> [Input data]:
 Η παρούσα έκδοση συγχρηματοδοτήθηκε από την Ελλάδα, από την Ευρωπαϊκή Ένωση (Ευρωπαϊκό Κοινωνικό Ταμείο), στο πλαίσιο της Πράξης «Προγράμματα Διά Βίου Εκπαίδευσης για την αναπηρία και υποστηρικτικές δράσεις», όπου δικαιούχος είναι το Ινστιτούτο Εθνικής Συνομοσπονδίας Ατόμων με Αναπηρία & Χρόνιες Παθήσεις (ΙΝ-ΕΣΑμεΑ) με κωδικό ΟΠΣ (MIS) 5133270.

---

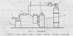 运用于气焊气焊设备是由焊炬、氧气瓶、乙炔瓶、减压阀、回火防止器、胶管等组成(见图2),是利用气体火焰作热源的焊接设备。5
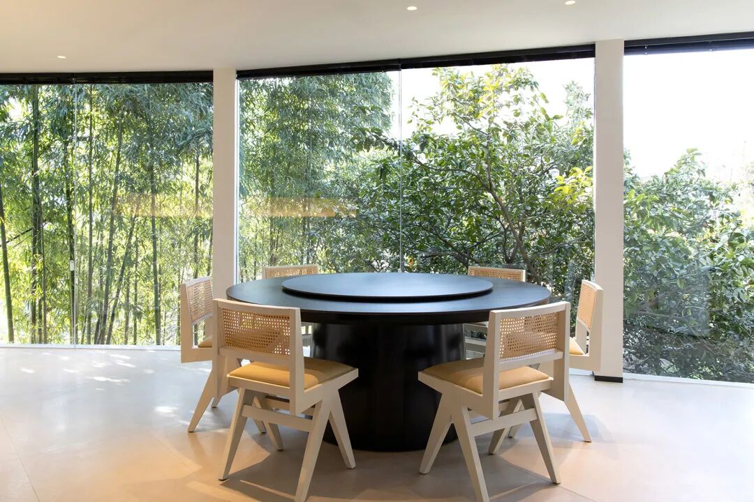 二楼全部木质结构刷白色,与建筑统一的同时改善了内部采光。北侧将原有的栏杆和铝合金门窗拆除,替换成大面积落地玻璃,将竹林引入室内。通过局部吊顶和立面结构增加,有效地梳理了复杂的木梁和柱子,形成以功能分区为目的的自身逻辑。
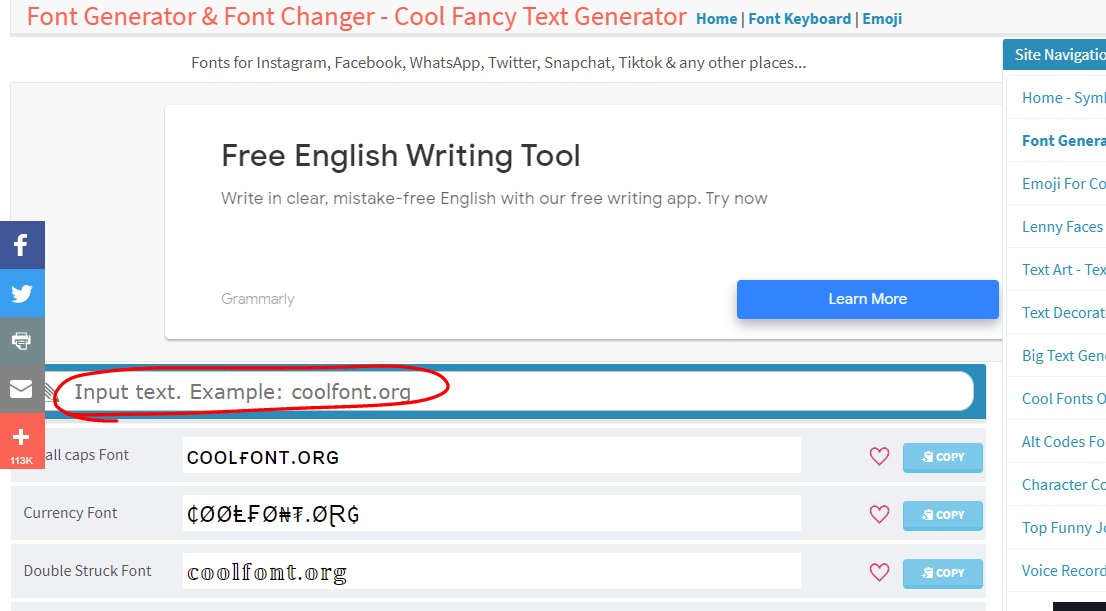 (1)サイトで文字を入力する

---

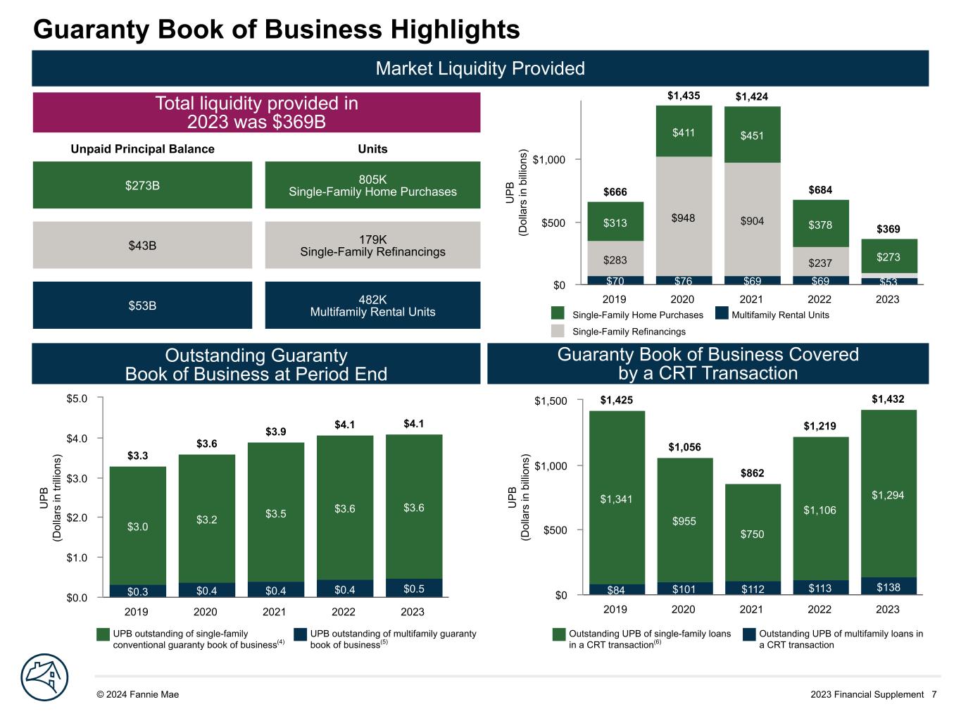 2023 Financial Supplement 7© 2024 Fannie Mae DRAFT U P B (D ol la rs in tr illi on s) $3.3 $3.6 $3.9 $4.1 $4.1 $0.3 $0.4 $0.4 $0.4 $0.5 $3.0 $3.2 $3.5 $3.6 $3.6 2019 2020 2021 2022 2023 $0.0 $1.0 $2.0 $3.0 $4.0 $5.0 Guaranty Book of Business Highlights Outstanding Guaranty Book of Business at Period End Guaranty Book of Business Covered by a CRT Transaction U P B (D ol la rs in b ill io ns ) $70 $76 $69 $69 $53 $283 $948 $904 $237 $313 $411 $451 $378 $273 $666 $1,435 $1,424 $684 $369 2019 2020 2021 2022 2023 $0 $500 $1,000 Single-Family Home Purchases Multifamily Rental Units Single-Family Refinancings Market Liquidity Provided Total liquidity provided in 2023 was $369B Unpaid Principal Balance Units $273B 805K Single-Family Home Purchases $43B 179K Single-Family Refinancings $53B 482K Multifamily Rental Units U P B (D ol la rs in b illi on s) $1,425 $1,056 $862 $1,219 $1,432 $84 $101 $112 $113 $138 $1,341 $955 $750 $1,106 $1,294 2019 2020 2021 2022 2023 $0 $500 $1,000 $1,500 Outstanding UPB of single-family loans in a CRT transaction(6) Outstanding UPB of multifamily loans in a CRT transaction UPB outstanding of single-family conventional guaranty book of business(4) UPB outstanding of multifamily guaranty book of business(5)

> [Requirement]:
Write back word for word every line in the entries above from the one with "二楼全部木质结构刷白色,与建" to the one with "(1)サイトで文字を入力する", ends included, and none of the pictures.

> [Result for this task]:
 二楼全部木质结构刷白色,与建筑统一的同时改善了内部采光。北侧将原有的栏杆和铝合金门窗拆除,替换成大面积落地玻璃,将竹林引入室内。通过局部吊顶和立面结构增加,有效地梳理了复杂的木梁和柱子,形成以功能分区为目的的自身逻辑。
 (1)サイトで文字を入力する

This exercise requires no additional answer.